Blah Blah Blah

I'm not here right now, leave your name and number after the beep.......

Monday, April 29, 2013

the dinner roll was just to hard

We meet

We all sat down at the table
to eat
To eat
Rice pudding cake and
 Some meat
Some meat
then that dammed rabbit used his tongue not
His feet
His feet
Tiz a fight for blood with
No retreat
 No retreat
 We all sat down at the table
 To eat
To eat
Instead of food in battle
We meet
 We meet

Chris McQueeney

Blogger is doing strange things to me through my phone this is my 15th attempt to post this...this is in resp once to the image Tess put up on  The Mag...if you can please post a link to the mag in the comment thread for other readers to follow

Sunday, April 14, 2013

Here I am




One Day

One day the man
Woke up and realized
All the flat
Places
Filled with all
The flat
Faces
Were just
Paper filled trays
With words
And numbers from
Pain filled days


Chris McQueeney    4/14/13    12:00 A.M.


    It's been awhile...at times life can be a heavy burden to bear, other times it can be amazing. The last while has been heaver then I have ever had to carry. From the time of my injury at work until now has been fairly dark. The problem was that I didn't know how to express my needs to the right people. Never before in my life had I experienced true depression, and I have had a eventful life.
    The injury left me in a position where I could no longer use the trade I have mastered to support myself. At the same time I have suffered from the physical trauma and all that it entails. For six months I had to survive on something like 600 a month...were I able to work I would make a good amount more than that a week. 
    After a daily battle with the fear and pain and despair and anger I reached a point that I told my Dr that I needed some help...but I didn't have the skills necessary to tell her how bad it actually was so she did not take me seriously. By December I was in a place where I had two choices, either kill myself, or drink...I drank.
    I drank a lot...more then my body could handle. I do not regret it at all, I am alive. One month ago today I started the journey to put down the drink, and was given what I needed to tell  the people in my life that I needed to quit drinking again, but I needed help because the detox process could kill me, and that once the shielding effect of the gin was gone the rage and despair would be waiting to take back its place chewing up my soul...chewing on me until I couldn't handle it anymore forcing me to let go.
    To my friends in the blogging world and the real world this doesn't come close to giving a full accounting of my life for the last nine months but it is what I can give you for now. 
    The other day I asked the mother of my children when Easter was, and she told me that it had already happened. Where was I? Probably on a plastic bed seeing things that were not there going through the DT's. For those of you who do not know what those are go here. My hope is that you never have to go through anything like them, I have and I can say it is not cool to see little things crawling on the floor that look like they were cloaked in the partial invisible shield that the Predator used to get its prey... especially not when feeling like shit.

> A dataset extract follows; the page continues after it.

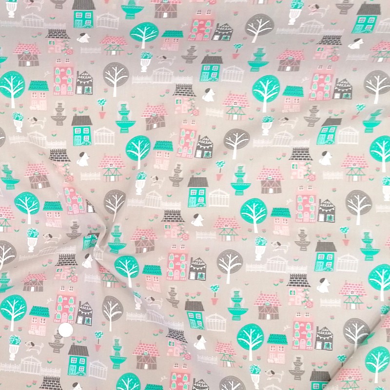 Walk In The Park Houses Dogs Trees Fountains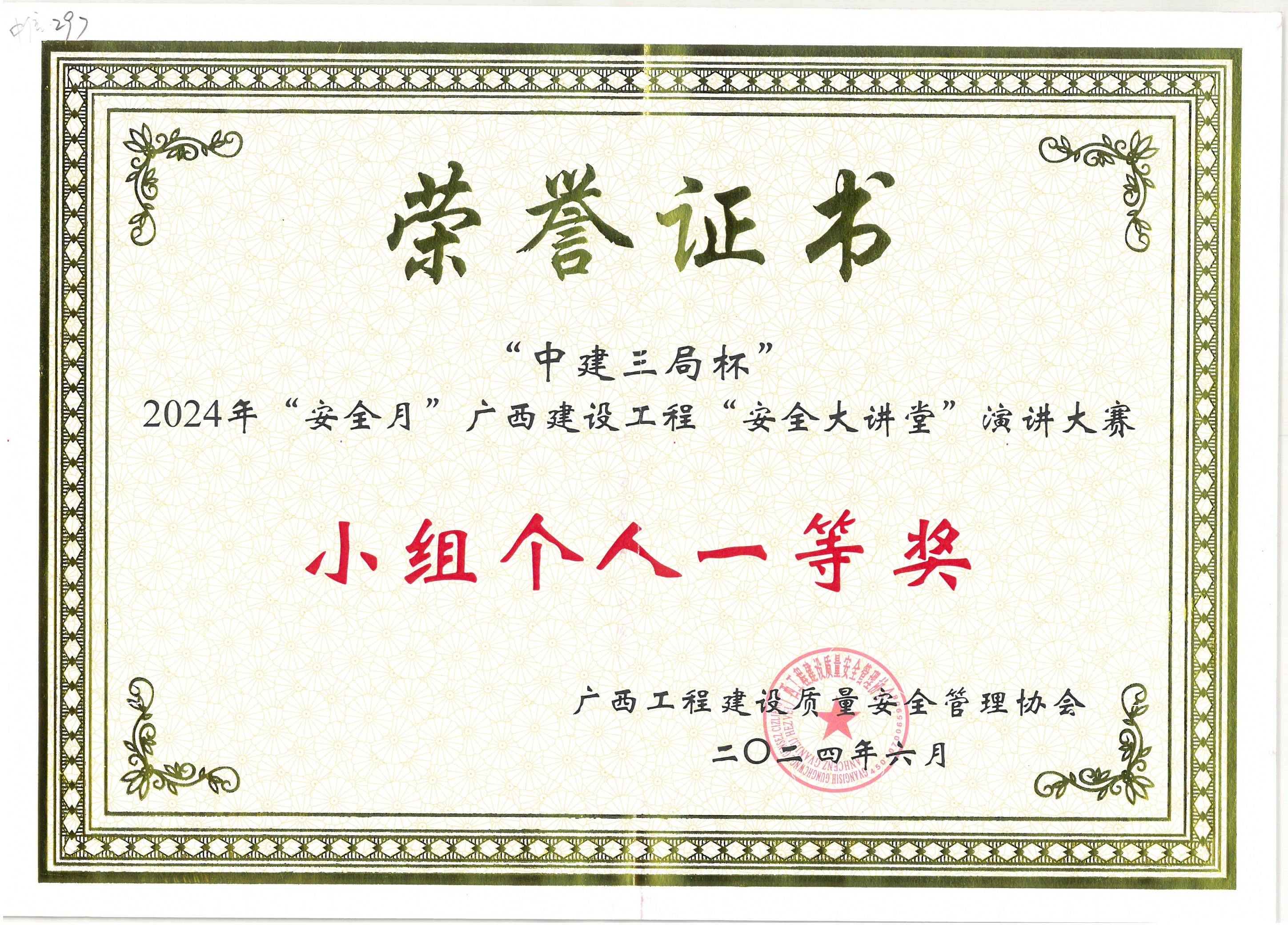 “中建三局杯”2024年“安全月”广西建设工程“����� �������Ƴ������������ �������Ƴ����������� �������Ƴ������������ �������Ƴ�������安全大讲堂”演讲大赛-小组个人一等奖

Chris McQueeney    4/14/13    5:41 P.M. 
    

Tuesday, April 2, 2013

Word

The word


The word is Away
Lofting its Tone
Shouldering its Clarity
of Diction
Addiction to the Attitude
of Gracing Us with
     Just
          The
                Right
                      Chime
at Just such
a PERFECT
TIME
in THE ONLY JUST WAY
So as     to say
what...the word away
came to my Door
to say on that day
D E A T H   B E C O M E S  Y O U
But for shame
YOU know better
Then to wear white
After Labor Day
NO! NO! NO!
the word HAS away
no! Not so!
the word away really did
STAY
gentling its tone
as if it had a tone of its own
cradling its diction
as clearly as ALL around
     could see...
          could SEE...
               could SEE...
DEATH BECOMES NO ONE
and that includes
       me


Christopher McQueeney    3/27/13    11:54 P.M.

sitting being treated for my illness by some very dedicatyed people and missing my friends and family....expecially my kids...love you Chase and Karley!!!!

Monday, April 1, 2013

Life after Bombay



Wanting

I had a visit
with gin again
And it
was found wanting
Not so for me
For it seems
the gin of my dreams
Is only that...
My dreams

Chris McQueeney     2/2/2013   Late P.M.





I am currently being treated for some complications from my injury in july....I am doing much better and just wanted to say hi and check in with my friends....I will be back around to comment on your stuf after wed!